Why don’t all plants use the C4 system? Because, dear Shmooper, it is only advantageous under certain conditions, like those in hot and dry climates, where CO2 is limiting. Unfortunately, it takes a lot of energy to pump CO2 into those bundle sheath cells. C4 plants comprise about 4% of plant species, but represent a higher percentage of our food crops.
Photosynthesis is a process that shows how structure and function unite as one in biology. We can first think about the structure at the level of the plant itself, and how the location of photosynthesis is important for its function. The plant optimizes where it conducts photosynthesis; that is, photosynthesis does not occur in every cell in every plant. Chloroplasts are mostly localized in the leaves, primarily in a special type of cell called a mesophyll cell. In a special type of plant called C4 plants, the light-dependent and light-independent cells are separated, with the light-dependent reactions occurring in the mesophyll cells, and the light-independent reactions occurring in the bundle sheath cells. This spatial separation of photosynthesis decreases the amount of photorespiration that occurs because it limits the exposure of these cells to O2.

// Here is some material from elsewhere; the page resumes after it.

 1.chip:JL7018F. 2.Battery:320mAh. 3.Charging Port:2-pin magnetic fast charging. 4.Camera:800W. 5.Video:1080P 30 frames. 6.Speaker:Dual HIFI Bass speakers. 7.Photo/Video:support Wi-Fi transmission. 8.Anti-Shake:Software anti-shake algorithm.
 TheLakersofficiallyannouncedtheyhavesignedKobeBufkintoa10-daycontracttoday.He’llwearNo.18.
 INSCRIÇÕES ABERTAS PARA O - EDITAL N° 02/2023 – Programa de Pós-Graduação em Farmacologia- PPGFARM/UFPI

On a deeper level, we can also think about where photosynthesis is localized within the cell: the chloroplast. During the light-dependent reactions, the pigments in Photosystems I and II absorb photons and transfer that energy through the electron transport chain. The localization of these reaction centers in the thylakoid membrane creates an environment well suited for easy energy transfer. Each carrier molecule is nearby, which makes energy transfer more efficient. Structure and function working together. Isn't that sweet?
However, separation is also critical for the light reactions to occur. Protons move from the lumen of thylakoid in the chloroplast to the stroma in an attempt to reach a proton concentration equilibrium. This gradient is critical for bringing the protons together with the electrons from the electron transport chain to then make ATP and NADPH from ADP and NADP+.

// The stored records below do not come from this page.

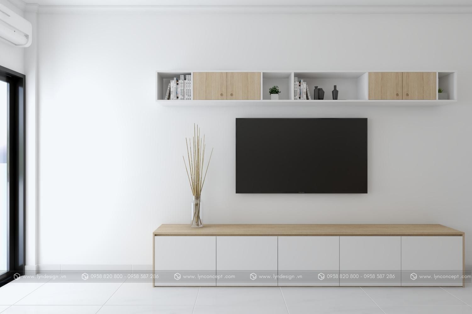 Ở phía đối diện giường ngủ là tủ tivi và kệ sách với nhiều hộc tủ lớn bé khác nhau giúp căn phòng thêm sinh động hơn. Kệ sách đồng bộ với màu tủ tivi giúp không gian trở nên độc đáo hơn.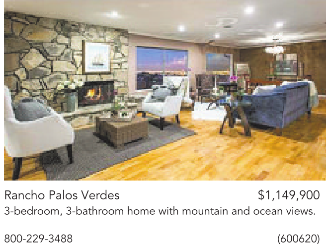 Rancho Palos Verdes $1,149,900 3-bedroom, 3-bathroom home with mountain and ocean views.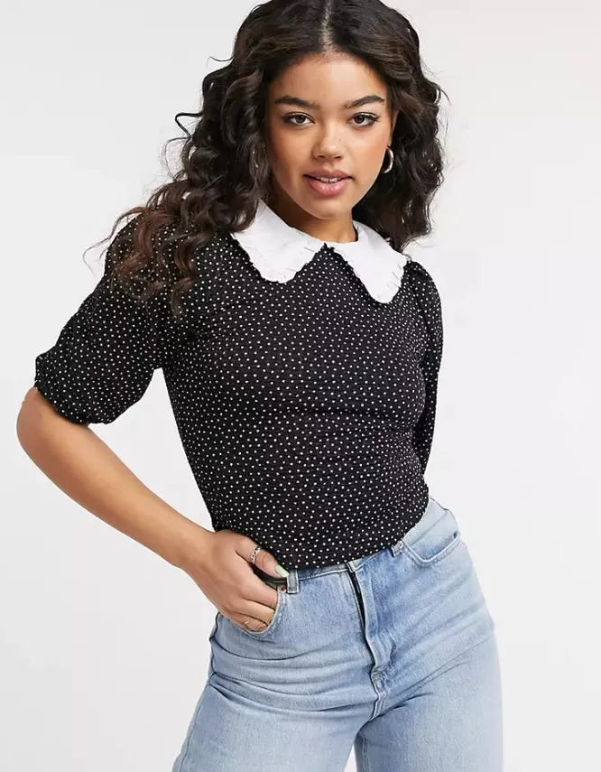 Красиво и элегантно смотрится блузка в мелкий горошек. Дополняй ее шортами с защипами или плиссированной юбкой.

ATP and NADPH are then conveniently located in the stroma of the chloroplast, which is where these energy powerhouses are needed to generate carbohydrates during the light-independent reactions. The localization of the light-independent reactions in the chloroplast is important for another reason as well. Many of the enzymes used in the Calvin cycle are also used in other cellular biochemical reactions, and the localization of these enzymes in the chloroplast facilitates their use in the Calvin cycle.

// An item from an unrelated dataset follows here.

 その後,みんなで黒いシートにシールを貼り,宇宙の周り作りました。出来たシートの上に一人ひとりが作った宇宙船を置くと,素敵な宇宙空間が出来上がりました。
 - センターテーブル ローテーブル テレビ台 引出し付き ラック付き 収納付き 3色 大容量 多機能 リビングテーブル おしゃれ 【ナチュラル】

In all of this, the ATP and NADPH generated during photosynthesis rarely make it out of the chloroplast. That has got to be a pretty boring existence for them. Reaction after reaction? Give them a break! But no, these energy reserves remain almost exclusively in the chloroplast, fueling the production of carbohydrates. The plant then sustains life by breaking down these carbohydrates and generating ATP and NADPH again outside of the chloroplast.